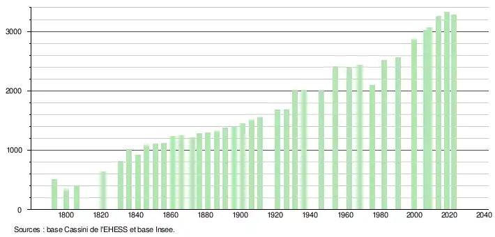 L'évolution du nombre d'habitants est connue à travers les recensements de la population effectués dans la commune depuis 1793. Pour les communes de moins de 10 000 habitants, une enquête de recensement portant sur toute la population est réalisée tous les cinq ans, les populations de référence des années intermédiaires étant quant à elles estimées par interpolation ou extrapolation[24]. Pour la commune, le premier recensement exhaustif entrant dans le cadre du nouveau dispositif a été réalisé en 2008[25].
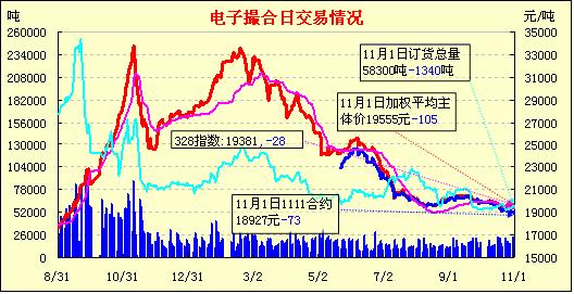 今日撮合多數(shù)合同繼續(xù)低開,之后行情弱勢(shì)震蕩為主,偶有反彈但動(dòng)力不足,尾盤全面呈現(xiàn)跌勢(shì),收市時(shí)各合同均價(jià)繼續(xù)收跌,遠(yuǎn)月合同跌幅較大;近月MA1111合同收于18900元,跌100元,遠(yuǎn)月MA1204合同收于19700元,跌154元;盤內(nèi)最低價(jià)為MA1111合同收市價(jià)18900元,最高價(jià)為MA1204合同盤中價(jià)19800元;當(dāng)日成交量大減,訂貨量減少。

--

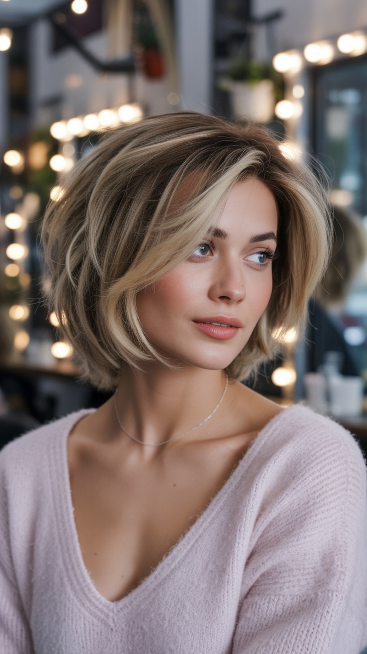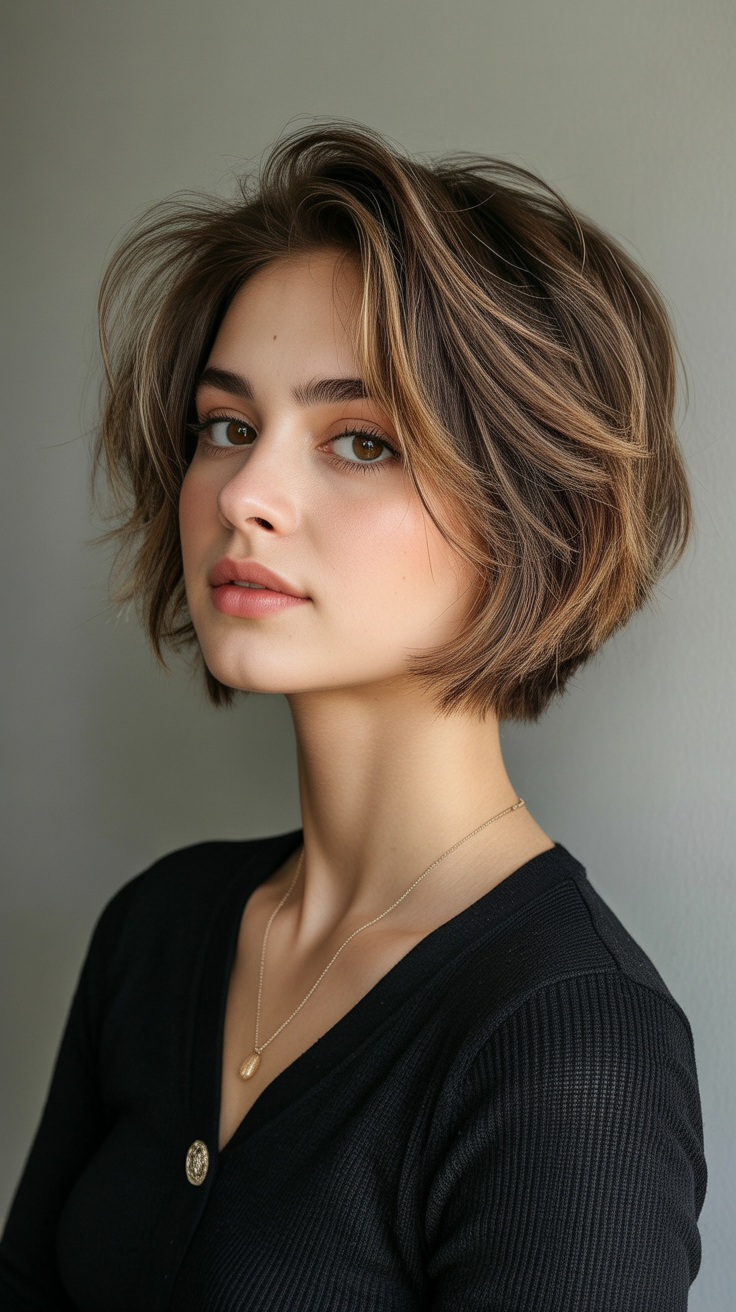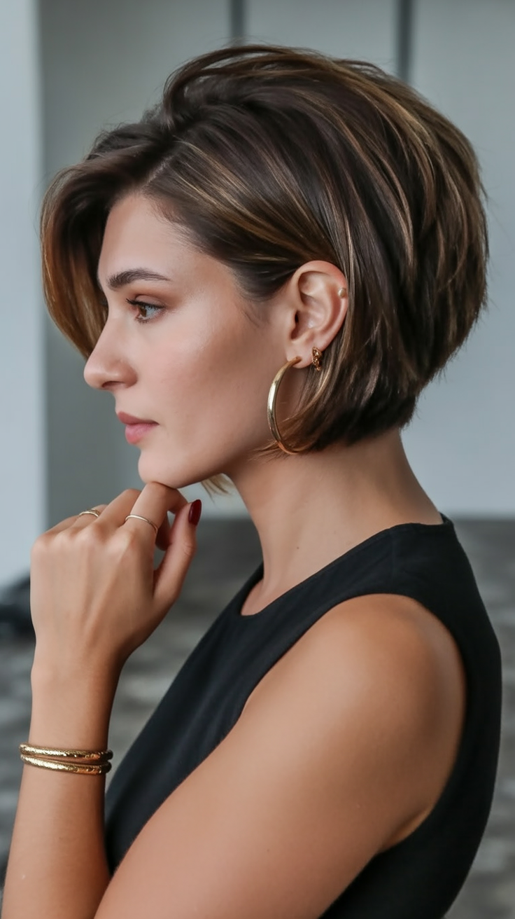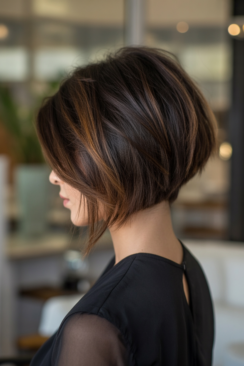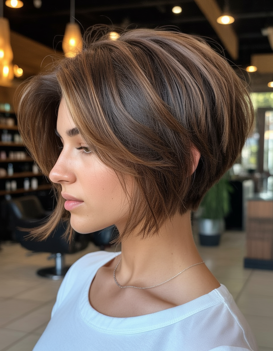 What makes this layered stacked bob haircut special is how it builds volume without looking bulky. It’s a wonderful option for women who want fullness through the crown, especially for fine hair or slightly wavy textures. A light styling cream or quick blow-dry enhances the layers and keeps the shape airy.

==

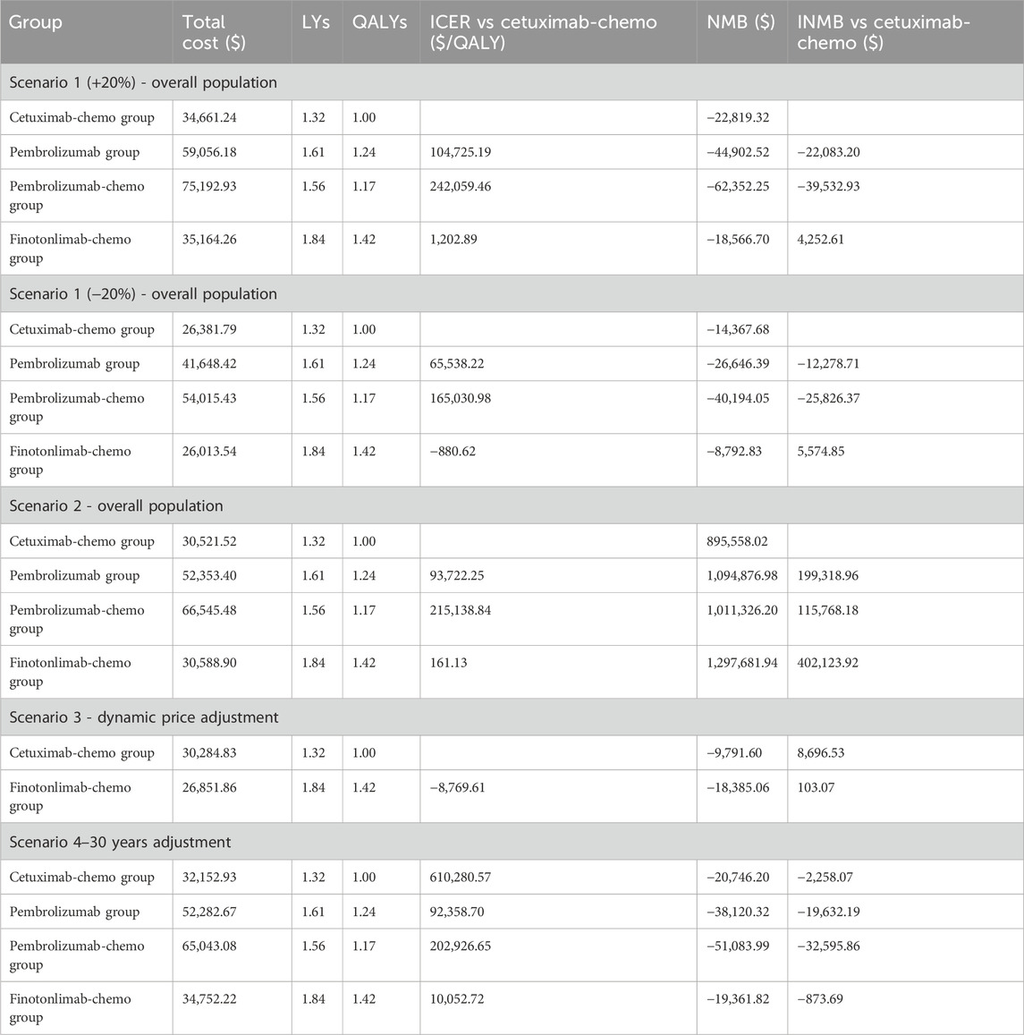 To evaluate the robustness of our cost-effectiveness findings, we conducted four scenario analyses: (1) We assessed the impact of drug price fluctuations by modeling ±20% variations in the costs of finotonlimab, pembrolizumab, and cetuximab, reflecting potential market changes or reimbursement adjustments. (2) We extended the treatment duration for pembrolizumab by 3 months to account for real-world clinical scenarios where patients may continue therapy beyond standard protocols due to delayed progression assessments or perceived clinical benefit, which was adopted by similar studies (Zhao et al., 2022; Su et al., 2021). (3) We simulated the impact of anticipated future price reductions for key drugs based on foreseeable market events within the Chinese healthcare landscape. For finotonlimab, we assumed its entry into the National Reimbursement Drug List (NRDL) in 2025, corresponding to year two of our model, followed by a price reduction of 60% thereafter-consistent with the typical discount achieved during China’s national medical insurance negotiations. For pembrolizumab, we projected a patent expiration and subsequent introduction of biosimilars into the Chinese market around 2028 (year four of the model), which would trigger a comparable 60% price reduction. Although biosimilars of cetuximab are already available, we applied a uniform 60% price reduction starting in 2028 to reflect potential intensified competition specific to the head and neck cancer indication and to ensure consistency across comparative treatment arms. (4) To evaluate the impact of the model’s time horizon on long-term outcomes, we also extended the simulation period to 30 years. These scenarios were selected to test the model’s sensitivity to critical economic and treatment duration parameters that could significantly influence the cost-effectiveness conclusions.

■ **Exercise directions**:
Without the pictures, set down the lines above from the line with "L'évolution du nombre" up to and including the line with "今日撮合多數(shù)合同繼" exactly as they stand.

■ **Finished task**:
 L'évolution du nombre d'habitants est connue à travers les recensements de la population effectués dans la commune depuis 1793. Pour les communes de moins de 10 000 habitants, une enquête de recensement portant sur toute la population est réalisée tous les cinq ans, les populations de référence des années intermédiaires étant quant à elles estimées par interpolation ou extrapolation[24]. Pour la commune, le premier recensement exhaustif entrant dans le cadre du nouveau dispositif a été réalisé en 2008[25].
 今日撮合多數(shù)合同繼續(xù)低開,之后行情弱勢(shì)震蕩為主,偶有反彈但動(dòng)力不足,尾盤全面呈現(xiàn)跌勢(shì),收市時(shí)各合同均價(jià)繼續(xù)收跌,遠(yuǎn)月合同跌幅較大;近月MA1111合同收于18900元,跌100元,遠(yuǎn)月MA1204合同收于19700元,跌154元;盤內(nèi)最低價(jià)為MA1111合同收市價(jià)18900元,最高價(jià)為MA1204合同盤中價(jià)19800元;當(dāng)日成交量大減,訂貨量減少。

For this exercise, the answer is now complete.